Biden and Xi -- Getty images |
Connecticut Democrat Governor Ned Lamont and the state’s majority Democrat General Assembly seem determined to follow California’s Democrat Governor Gavin Newsom down a neo-progressive rabbit hole.
One of the distinguishing characteristics of neo-progressivism
is its vacuous unconcern with attendant consequences. After the neo-progressive
assault on the internal combustion engine has been completed, radical
environmental extremists in the United States likely will call upon the U.S.
Congress to repeal Isaac Newton’s Third Law of Motion, which states that for
every action, there is an equal and opposite reaction. Generally, the Law means
that when one object exerts a force on another object, the second object exerts
a force of equal magnitude and opposite direction on the first object.

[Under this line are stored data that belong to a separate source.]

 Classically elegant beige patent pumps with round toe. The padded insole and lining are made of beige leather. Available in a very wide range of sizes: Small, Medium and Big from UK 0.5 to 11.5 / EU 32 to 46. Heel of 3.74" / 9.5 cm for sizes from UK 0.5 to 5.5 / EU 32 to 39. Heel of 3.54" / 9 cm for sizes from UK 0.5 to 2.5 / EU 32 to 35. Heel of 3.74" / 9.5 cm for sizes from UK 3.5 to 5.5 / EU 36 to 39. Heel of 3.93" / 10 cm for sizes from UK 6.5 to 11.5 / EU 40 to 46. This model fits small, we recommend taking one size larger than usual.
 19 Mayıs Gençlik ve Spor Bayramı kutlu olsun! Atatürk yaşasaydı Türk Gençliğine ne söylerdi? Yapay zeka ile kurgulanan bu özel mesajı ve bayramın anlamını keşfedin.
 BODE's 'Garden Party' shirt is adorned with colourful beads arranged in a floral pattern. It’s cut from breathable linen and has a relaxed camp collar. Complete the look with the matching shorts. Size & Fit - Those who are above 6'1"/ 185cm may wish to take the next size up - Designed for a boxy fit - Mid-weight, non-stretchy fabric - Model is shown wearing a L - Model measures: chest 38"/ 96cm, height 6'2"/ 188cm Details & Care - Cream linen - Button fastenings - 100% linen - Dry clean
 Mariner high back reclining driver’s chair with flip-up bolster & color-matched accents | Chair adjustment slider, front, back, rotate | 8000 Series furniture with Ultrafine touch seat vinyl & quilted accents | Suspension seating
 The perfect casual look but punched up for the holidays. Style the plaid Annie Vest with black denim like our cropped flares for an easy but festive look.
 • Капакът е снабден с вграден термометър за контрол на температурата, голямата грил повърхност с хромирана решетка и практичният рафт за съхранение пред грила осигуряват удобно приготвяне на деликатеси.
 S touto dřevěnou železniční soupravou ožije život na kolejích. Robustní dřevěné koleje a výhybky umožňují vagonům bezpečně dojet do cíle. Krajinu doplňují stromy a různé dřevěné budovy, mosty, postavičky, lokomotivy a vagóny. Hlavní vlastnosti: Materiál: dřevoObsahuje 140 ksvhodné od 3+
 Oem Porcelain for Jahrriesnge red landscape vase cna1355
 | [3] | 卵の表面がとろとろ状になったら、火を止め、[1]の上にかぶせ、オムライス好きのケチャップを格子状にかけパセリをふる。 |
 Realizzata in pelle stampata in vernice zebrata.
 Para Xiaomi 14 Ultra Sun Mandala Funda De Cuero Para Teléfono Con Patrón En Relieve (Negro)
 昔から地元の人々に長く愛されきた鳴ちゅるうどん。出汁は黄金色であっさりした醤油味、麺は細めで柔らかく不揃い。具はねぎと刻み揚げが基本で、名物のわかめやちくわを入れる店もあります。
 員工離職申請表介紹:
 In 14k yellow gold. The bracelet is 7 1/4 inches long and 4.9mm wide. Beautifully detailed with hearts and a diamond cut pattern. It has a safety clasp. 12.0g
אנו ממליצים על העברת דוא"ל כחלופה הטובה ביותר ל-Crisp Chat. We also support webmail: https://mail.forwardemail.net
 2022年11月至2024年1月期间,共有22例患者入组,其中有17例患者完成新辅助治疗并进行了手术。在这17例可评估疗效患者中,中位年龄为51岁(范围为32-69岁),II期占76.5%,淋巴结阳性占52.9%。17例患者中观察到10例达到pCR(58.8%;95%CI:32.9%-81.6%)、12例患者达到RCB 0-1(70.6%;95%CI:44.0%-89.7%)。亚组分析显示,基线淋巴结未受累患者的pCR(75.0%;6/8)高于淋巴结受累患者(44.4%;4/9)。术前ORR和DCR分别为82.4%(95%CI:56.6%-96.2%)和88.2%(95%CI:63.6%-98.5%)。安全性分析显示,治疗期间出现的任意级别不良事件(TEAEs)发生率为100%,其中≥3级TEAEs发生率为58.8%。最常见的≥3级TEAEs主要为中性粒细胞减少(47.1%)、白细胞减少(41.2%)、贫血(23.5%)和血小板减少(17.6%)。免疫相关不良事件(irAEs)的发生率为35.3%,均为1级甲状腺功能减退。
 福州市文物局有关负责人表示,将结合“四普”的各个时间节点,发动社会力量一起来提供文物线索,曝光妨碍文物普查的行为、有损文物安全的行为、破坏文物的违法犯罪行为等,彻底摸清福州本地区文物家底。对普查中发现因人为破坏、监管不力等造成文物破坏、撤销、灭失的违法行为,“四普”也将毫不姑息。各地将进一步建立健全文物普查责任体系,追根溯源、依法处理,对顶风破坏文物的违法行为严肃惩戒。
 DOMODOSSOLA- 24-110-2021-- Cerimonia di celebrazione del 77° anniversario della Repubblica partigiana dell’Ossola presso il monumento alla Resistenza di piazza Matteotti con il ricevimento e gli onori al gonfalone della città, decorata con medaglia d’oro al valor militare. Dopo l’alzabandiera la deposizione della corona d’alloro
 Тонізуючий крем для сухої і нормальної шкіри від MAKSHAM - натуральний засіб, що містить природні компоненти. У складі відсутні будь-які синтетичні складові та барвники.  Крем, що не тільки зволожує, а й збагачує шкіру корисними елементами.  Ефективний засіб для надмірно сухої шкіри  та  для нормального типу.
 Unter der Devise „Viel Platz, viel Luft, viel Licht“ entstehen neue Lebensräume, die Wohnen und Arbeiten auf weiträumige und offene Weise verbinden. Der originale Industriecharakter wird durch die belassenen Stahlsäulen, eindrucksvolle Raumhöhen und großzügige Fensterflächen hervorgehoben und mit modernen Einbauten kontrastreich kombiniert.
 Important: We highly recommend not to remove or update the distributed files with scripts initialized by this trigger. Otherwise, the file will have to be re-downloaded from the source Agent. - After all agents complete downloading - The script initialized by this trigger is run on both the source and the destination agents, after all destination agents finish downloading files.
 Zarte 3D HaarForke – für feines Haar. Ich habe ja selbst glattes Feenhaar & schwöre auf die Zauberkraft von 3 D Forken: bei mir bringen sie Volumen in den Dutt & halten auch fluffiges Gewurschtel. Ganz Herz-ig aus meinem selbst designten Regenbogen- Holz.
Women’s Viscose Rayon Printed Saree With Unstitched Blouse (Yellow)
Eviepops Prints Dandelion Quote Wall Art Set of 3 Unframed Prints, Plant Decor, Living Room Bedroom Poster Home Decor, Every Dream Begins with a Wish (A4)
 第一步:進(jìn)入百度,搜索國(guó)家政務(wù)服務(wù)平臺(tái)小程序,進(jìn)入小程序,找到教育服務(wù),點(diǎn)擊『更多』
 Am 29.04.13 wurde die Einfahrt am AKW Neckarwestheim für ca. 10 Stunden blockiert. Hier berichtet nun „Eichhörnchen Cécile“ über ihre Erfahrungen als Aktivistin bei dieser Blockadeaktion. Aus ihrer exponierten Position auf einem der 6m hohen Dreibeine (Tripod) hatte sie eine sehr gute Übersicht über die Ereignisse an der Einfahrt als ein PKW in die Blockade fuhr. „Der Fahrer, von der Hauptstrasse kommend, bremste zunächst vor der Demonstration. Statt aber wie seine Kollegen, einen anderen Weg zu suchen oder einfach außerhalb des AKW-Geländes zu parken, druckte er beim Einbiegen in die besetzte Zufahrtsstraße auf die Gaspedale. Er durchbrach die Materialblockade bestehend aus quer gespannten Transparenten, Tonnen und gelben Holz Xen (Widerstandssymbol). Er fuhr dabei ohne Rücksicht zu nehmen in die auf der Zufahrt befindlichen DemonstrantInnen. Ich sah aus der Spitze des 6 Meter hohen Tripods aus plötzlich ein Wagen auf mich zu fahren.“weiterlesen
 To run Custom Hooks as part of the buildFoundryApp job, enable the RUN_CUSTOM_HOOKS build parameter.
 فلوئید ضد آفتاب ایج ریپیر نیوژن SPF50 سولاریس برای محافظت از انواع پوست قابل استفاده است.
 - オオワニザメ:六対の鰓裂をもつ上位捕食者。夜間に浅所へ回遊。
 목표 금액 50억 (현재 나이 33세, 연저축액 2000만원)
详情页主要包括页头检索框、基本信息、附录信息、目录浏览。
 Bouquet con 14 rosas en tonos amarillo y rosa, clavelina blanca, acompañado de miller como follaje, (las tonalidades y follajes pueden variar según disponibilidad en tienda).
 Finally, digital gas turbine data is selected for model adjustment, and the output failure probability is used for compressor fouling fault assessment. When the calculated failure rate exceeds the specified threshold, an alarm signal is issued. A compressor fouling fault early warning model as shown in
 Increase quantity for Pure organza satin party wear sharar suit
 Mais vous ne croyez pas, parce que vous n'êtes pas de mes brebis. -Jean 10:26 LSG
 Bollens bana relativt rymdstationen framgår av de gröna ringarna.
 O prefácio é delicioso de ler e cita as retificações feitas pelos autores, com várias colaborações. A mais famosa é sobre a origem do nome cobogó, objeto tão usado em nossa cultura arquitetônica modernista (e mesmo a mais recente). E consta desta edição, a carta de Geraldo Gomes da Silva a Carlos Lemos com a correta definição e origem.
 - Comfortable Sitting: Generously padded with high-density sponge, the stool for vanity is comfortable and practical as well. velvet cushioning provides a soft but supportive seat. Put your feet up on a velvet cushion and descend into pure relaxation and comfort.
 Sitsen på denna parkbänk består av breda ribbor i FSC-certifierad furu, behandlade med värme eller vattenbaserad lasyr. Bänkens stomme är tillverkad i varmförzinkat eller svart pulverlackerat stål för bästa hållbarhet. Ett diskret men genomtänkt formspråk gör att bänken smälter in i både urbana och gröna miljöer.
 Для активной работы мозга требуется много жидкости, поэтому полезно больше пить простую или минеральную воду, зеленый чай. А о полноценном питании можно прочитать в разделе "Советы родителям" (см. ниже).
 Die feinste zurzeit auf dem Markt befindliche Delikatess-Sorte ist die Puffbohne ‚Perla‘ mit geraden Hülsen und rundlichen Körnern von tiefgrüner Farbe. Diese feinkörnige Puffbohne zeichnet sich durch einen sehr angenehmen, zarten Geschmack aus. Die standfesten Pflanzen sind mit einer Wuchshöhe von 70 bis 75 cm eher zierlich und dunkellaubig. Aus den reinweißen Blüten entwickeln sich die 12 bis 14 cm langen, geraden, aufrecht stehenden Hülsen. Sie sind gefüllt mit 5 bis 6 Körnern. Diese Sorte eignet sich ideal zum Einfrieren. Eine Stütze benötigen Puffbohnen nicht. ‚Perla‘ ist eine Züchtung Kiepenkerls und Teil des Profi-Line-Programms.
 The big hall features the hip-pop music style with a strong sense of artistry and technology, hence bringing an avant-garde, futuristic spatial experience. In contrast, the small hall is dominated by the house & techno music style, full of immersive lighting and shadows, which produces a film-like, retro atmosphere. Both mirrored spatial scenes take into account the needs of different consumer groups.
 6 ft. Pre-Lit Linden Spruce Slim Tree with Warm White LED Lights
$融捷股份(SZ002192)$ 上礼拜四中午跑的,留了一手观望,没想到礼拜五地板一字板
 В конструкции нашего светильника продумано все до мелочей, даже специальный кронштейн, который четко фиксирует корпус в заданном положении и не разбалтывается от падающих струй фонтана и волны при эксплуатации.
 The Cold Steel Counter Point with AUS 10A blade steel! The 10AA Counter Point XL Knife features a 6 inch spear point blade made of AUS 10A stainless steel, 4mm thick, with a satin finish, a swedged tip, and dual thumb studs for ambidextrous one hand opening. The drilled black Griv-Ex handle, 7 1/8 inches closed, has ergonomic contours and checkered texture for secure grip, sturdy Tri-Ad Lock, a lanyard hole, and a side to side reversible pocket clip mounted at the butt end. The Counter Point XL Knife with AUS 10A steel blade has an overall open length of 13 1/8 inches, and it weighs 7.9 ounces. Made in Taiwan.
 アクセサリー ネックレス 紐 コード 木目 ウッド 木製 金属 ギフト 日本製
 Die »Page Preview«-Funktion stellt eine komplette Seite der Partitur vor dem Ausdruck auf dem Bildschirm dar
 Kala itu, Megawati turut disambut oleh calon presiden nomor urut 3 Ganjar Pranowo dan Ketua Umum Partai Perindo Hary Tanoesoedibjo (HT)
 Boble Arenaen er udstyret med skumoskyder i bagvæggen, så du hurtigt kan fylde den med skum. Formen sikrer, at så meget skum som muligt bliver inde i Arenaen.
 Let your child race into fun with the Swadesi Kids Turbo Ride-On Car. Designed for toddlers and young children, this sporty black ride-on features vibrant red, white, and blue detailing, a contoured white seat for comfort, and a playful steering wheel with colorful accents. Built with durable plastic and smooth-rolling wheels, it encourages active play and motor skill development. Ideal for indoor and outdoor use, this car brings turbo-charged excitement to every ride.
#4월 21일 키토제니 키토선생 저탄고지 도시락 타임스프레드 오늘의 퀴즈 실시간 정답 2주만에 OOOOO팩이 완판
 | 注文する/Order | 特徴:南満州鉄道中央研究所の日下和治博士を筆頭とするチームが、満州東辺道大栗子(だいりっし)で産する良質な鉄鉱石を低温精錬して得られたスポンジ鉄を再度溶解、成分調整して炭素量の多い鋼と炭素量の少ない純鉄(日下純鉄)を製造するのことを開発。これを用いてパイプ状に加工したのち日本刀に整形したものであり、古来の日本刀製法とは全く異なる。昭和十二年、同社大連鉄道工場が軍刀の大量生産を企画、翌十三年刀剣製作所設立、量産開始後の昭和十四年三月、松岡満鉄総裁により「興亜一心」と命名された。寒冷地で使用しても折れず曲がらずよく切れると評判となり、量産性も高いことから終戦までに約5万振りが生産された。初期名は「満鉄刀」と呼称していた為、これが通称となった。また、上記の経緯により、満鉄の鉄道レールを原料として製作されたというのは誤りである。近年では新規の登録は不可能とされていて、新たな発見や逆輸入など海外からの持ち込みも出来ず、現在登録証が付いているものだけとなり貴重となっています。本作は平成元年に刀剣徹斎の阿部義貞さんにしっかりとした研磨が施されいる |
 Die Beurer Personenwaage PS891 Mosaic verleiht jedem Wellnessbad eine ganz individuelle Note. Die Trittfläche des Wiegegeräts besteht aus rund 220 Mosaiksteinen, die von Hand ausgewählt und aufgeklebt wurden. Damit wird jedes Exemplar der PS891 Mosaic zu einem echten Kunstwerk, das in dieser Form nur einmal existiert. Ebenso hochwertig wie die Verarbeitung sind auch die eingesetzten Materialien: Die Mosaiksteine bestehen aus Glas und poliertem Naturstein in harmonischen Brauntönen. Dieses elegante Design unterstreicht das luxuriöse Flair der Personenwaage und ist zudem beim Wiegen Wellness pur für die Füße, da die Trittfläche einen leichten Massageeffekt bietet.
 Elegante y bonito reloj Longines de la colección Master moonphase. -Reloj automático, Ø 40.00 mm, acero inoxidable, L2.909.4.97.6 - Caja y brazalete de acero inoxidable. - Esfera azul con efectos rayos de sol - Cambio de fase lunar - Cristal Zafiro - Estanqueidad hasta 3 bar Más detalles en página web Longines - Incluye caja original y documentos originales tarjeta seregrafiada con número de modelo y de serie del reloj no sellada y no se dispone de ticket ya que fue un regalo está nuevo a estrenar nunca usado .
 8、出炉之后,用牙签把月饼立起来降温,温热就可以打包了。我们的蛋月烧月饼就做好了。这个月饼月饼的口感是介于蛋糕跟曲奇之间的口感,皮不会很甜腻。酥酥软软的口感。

The law applies as well in the realm of ideas. Every idea,
especially an insupportable one, generates an equal and opposing restorative
idea.
People in Connecticut who own, through no fault of their
own, gas-powered cars are likely to detect a whiff of California in the air.
Like the administration of Governor Gavin Newsom in
California, the Lamont administration, operating under the watchful eyes of
Democrat President Joe Biden, has pronounced a pox on gas powered vehicles and,
unsurprisingly, on fossil fuel extraction.
Numbers in politics matter more than policy prescriptions.
And here in the “land of steady (bad) habits,” Democrat voters outnumber
Republican voters by a two to one margin. The state’s larger cities,
substantial Democrat anchors, have been dominated by the Democrat Party for at
least three decades. Democrats in the state’s General Assembly enjoy a nearly
veto proof majority, and Connecticut’s media has long regarded with a baleful
eye conservatives and their solutions of annoyingly persistent problems.
The central tenant of neo-progressivism is: We want more,
particularly, a larger and more cumbersome government, and you cannot have more
government if you cut spending. Since Democrats in Connecticut control the political,
cultural and media heights, the average Connecticut voter is not likely to
notice that spending cuts will be minimal and in some cases self-elapsing.
Most components used in solar and wind energy, both
supported by the Lamont administration, are manufactured in China. Most of the
refining capacity for rare earth elements, cobalt, copper, and nickel,
essential in solar and wind production, is located in China.
Here are the figures, supplied through a recent book written
by Texas U.S. Senator Ted Cruz, Unwoke:
How to Defeat Cultural Marxism in America, a review of which was published
in The Epoch Times: “‘China controls
refining capacity for 73 percent of the world's cobalt, 40 percent of the
copper, 59 percent of the lithium, 68 percent of the nickel, and 83 percent of
the rare earth metals,’ Mr. Cruz said. ‘Every one of those is necessary for
wind and solar power… China is responsible for 80 percent of global solar panel
manufacturing. ... 70 percent of global wind turbine manufacturing, and 77
percent of global lithium-ion battery manufacturing.’”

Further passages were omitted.